Note 1: This question is supposed to be a lemma here: Why is it not that a state divorce is actually an argument AGAINST a church annulment petition rather than a necessary condition for such petition? I am hoping to claim:

Whenever annulments are possible, there are incentives to getting an annulment (a civil/secular annulment) instead of a divorce, even if divorce is cheaper.

Question: If you're not in the Philippines or Vatican, why would anyone seek an annulment (as in a secular/civil annulment of course) instead of a divorce? My understanding is that divorce is cheaper, so even your (secular/civil) marriage is invalid, why not just say it's valid and divorce to save money?

I guess we can take cases:

Case 1. The invalidity of your marriage can be proven beyond reasonable doubt.

Case 2. You're not sure the invalidity of your marriage can be proven beyond reasonable doubt.

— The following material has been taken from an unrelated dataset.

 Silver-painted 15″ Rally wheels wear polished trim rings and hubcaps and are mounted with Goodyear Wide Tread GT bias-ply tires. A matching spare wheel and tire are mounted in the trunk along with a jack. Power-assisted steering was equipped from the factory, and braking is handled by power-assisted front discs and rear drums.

So, maybe there's a risk of wasting money or time in applying for an annulment, when you'd just be told to divorce instead.

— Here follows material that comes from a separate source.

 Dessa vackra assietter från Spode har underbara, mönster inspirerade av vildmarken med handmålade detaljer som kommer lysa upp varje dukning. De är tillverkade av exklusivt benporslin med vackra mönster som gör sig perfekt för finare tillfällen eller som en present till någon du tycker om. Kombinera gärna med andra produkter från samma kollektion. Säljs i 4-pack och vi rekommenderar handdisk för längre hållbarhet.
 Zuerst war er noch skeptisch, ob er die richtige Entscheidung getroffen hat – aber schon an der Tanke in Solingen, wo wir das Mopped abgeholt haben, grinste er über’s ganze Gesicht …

Also, since this is Legal SE, I guess the answer would be in terms of judicial economy, legislative intent, legal consequences (alimony, custody, etc), state interests, etc.

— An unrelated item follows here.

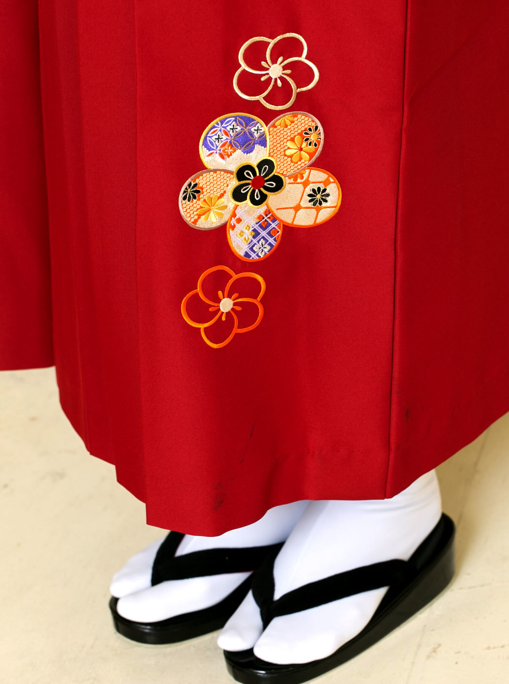 袴は鮮やかな赤に梅の刺繍があしらわれています。

Note 2: replace 'reasonable doubt' with 'preponderance of evidence'/'balance of probabilities' or whatever (wow I'm actually so intrigued about all the levels that I'm discovering just now), if need be. Depends on whatever is the burden of proof standard here.

Also maybe related:

How do Filipino Catholics get a church annulment when their state marriage is valid, considering the Philippines doesn't have divorce?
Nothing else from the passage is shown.